I hope that helps, or at least brings a smile to your face! Remember, math can be fun, especially with a little bit of clown humor!
To find the equation of the tangent line to the graph at the point (4, -2), we need to find the derivative of the function and evaluate it at the given point.
Step 1: Start by differentiating both sides of the equation with respect to x.
d/dx [3(x^2 + y^2)^2] = d/dx [100(x^2 − y^2)]
Step 2: Apply the chain rule on the left side of the equation.
6(x^2 + y^2)(2)(2x(dy/dx) + 2y) = 100(2x − 2y(dy/dx))
Step 3: Simplify the equation.
12(x^2 + y^2)(x(dy/dx) + y) = 100(x − y(dy/dx))
Step 4: Substitute the coordinates of the given point (4, -2) into the equation.
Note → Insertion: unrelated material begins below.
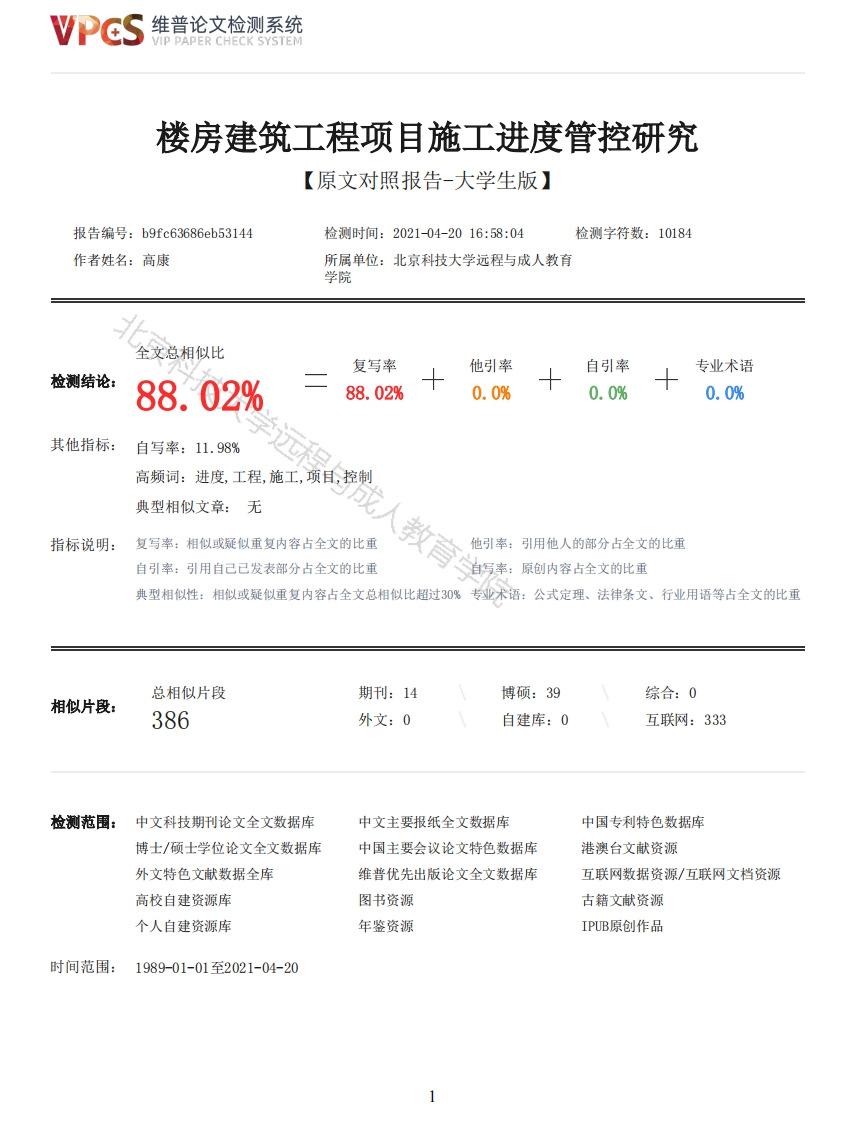 维普论文检测系统/IP PAPER CHECK SYSTEM楼房建筑工程项目施工进度管控研究【原文对照报告-大学生版】报告编号:b9fc63686eb53144检测时间:2021-04-2016:58:04检测字符数:10184作者姓名:高康所属单位:北京科技大学远程与成人教育学院全文总相似比复写率他引率自引率专业术语检测结论:88.02%88.02%0.0%0.0%0.0%其他指标:自写率:11.98%高频词:进度,工程,施工,项目,控制典型相似文章:无指标说明:复写率:相似或疑似重复内容占全文的比重教他引率:引用他人的部分占全文的比重自引率:引用自己已发表部分占全文的比重自写率:原创内容占全文的比重典型相似性:相似或疑似重复内容占全文总相似比超过30%专业术语:公式定理、法律条文、行业用语等占全文的比重总相似片段期刊:14博硕:39综合:0相似片段:386外文:0自建库:0互联网:333检测范围:中文科技期刊论文全文数据库中文主要报纸全文数据库中国专利特色数据库博士/硕士学位论文全文数据库中国主要会议论文特色数据库港澳台文献资源外文特色文献数据全库维普优先出版论文全文数据库互联网数据资源/互联网文档资源高校自建资源库图书资源古籍文献资源个人自建资源库年鉴资源IPUB原创作品时间范围:1989-01-01至2021-04-20维普论文检测系统VIP PAPER CHECK SYSTEM原文对照颜色标注说明:■自写片段■复写片段(相似或疑似重复)口引用片段(引用)■专业术语(公式定理、法律条文、行业用语等)北京科技大学远程与成人教育学院本科生毕业设计(论文)2021年4月1日北京科技大学远程与成人教育学院毕业设计(论文)任务书高康同学(学号1910120132):学远程与成人教育学院经研究决定,你的毕业设计(论文)题目为:指导教师为:请你于2021年3月1日-一2021年4月30日期间完成。日程安排:1.2021年3月20日前完成开题报告:2.2021年4月15日前完成论文初稿:3.2021年4月30日前完成论文终稿。指导教师(签字):2021年3月5日学生(签字):2021年3月5日摘要我国目前正处在城市化进程快速发展时期,各种工程项目建设正在热火朝天的进行。建筑工程企业的竞争越来越激烈,利润空间逐渐被压缩,因此,为了提高建筑企业的竞争力以及生存能力,项目成本管理成为了重要手段。项目工程是一个复杂的工程体系,要实施成本控制,必须在理论上形成一套系统理论方法。本文对项目工程的实施的各个阶段提出了控制方法,在工程项目准备阶段利用价值工程评价施工方案:在施工阶段运用挣值分析方法进行成本控制:在项目工程完工阶段,安排好竣工验收以及竣工成本的核算等工作。将成本控制上升到理论层次上,将项目工程成本控制变为事前控制,降低项目工程成本,形成企业战略。关键词:工程项目成本控制价值工程挣值分析Abstract(英文摘要)China is now in a period of rapid development of city urbanization,all kinds of projectconstruction is be in full swing.The competition of construction enterprises is becoming more andmore fierce,the profit space is gradually compressed.Therefore,in order to improve thecompetitiveness and viability of the construction enterprises,project cost management has become an2维普论文检测系统VIP PAPER CHECK SYSTEMProject engineering is a complex engineering system,and it is necessary to form a system theorymethod in theory.Each stage of the project in the implementation of the proposed control method inthe project for evaluation of construction project using value engineering;earned value analysismethod of cost control in construction stage;in the project completion stage,arrange goodaccounting completion and acceptance of the completion of the work cost.To rise to the level ofcost control,the project cost control into the pre control,reduce the cost of the project,theformation of corporate strategy.Key words:project item;cost control:value engineering;earned value analysis.Key Words:engineering project,cost control,value engineering,earned value analysis目录摘要1Abstract2引言11某工程工程项目概2进度管控的现状42.1存在的不足42.2原因分析53.1进度计划编制64.1进度管控基本原理94.2进度管控体系9技大学远程与成人教育学院3某工程工程项目进度编制方案63.2进度计划的经济优化74某工程工程进度管控方案94.3进度管控监测94.4进度检查方法104.5进度调整更新115实施进度方案的保证措施125.1组织保证措施125.2主要资源保障125.3安全管理125.4全面协调对工程进度的保障13结论14参考文献15致谢16引言近年来,我国房地产的价格呈不断上升的趋势,政府不断提高房地产市场调控和保障安居建设的宏观调控的力度,在这种环境下的建筑企业的产品质量要求不断上升,加上市场格局的转变,买方市场的兴起,建筑市场对工程项目的要求越来越高。为了实现工程项目的质量、安全等要求,需要施工单位在保证质量的前提下,及时完成工程项目的进度工作。目前,利用西方先进的进度管理、控制体系及相关的理论知识,在借鉴西方的先进、成功的进度管理经验上,从我国国情出发建立项目进度管理体系。由于建筑行业之间的竞争不断加剧,加上目前建筑项目的规模不断增大,对工程项目的要求也越来越高,在工程的综合指标中,项目进度已经重要内容之一。在进行工程项目的施工进度控制时,需要将项目工期、成本、任务等全部考虑其中,有助于反映项目的施工现状。对一个企业而言,科学全面的施工进度控制有助于在保证质量的前提下确保工程项目的进度,有助于其在竞争中处于优势地位,有助于企业树立自己的品牌和信誉。在

12(4^2 + (-2)^2)(4(dy/dx) + (-2)) = 100(4 − (-2)(dy/dx))
12(16 + 4)(4(dy/dx) - 2) = 100(4 + 2(dy/dx))
12(20)(4(dy/dx) - 2) = 100(4 + 2(dy/dx))
240(dy/dx - 1) = 100(4 + 2(dy/dx))
240(dy/dx - 1) = 400 + 200(dy/dx)
240dy/dx - 240 = 400 + 200dy/dx
Step 5: Combine like terms.
240dy/dx - 200dy/dx = 400 + 240
Step 6: Simplify the equation.
40dy/dx = 640
Step 7: Solve for dy/dx.
dy/dx = 640 / 40
dy/dx = 16
Step 8: Now we have the slope of the tangent line. Let's find the y-intercept.
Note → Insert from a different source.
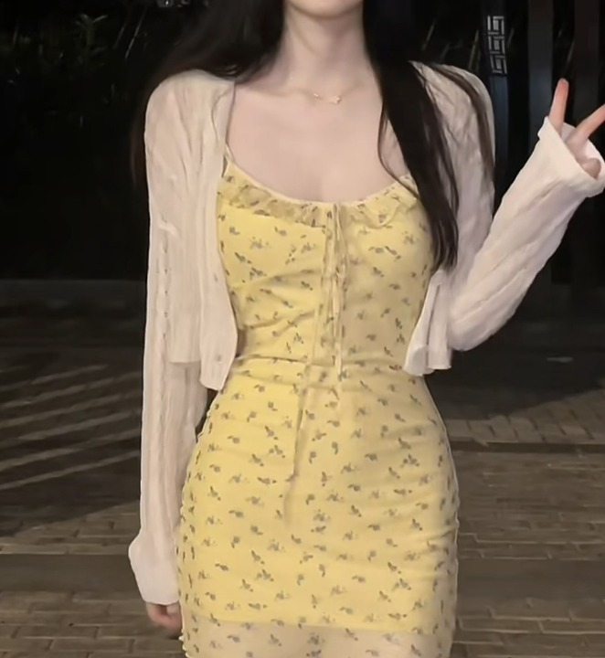 옐로우 프릴 나시 미니원피스+가디건 세트

Using the point-slope form of the equation of a line: y - y1 = m(x - x1), where (x1, y1) is the given point and m is the slope.
Substituting the values, we get:
y - (-2) = 16(x - 4)
y + 2 = 16x - 64
Step 9: Rearrange the equation.
y = 16x - 66
Therefore, the equation of the tangent line to the graph at the point (4, -2) is y = 16x - 66.
To find the equation of the tangent line to the graph at the point (4, -2), we need to find the slope of the tangent line and then use the point-slope form of a line to write the equation.
Here's how you can do it step by step:
Step 1: Find the derivative of the given equation with respect to x. This will give us the slope of the tangent line at any point on the curve.
Differentiating both sides of the equation with respect to x, we get:
12(x^2 + y^2)(2x) + 12(2)(x^2 + y^2)(y)(dy/dx) = 100(2x - 2y)(1) - 100(2y)(dy/dx)
Simplifying this equation, we get:
24x(x^2 + y^2) + 12xy(dy/dx) = 200x - 200y - 200y(dy/dx)
Step 2: Substitute the coordinates of the given point (4, -2) into the derivative equation and solve for dy/dx.
Substituting x = 4 and y = -2 into the derivative equation, we have:
24(4)(4^2 + (-2)^2) + 12(4)(-2)(dy/dx) = 200(4) - 200(-2) - 200(-2)(dy/dx)
Simplifying this equation, we get:
24(4)(20) - 12(4)(-2)(dy/dx) = 200(4) + 200(2) + 200(2)(dy/dx)
96(20) + 96(dy/dx) = 800 + 400 + 400(dy/dx)
1920 + 96(dy/dx) = 1600 + 800(dy/dx)
96(dy/dx - 800) = 1600 - 1920
96(dy/dx - 800) = -320
dy/dx - 800 = -320/96
dy/dx - 800 = -10/3
Adding 800 to both sides, we get:
dy/dx = -10/3 + 800
dy/dx = 790/3
Step 3: Use the point-slope form of a line to write the equation of the tangent line.
Using the point-slope form with the point (4, -2) and slope dy/dx = 790/3, we have:
y - (-2) = (790/3)(x - 4)
Simplifying this equation, we get:
y + 2 = (790/3)x - (790/3)(4)
y + 2 = (790/3)x - (3160/3)
Lastly, we can rearrange the equation to obtain the slope-intercept form:
y = (790/3)x - (3160/3) - 2
y = (790/3)x - (3160/3) - (6/3)
y = (790/3)x - (3166/3)
Therefore, the equation of the tangent line to the graph at the point (4, -2) is y = (790/3)x - (3166/3).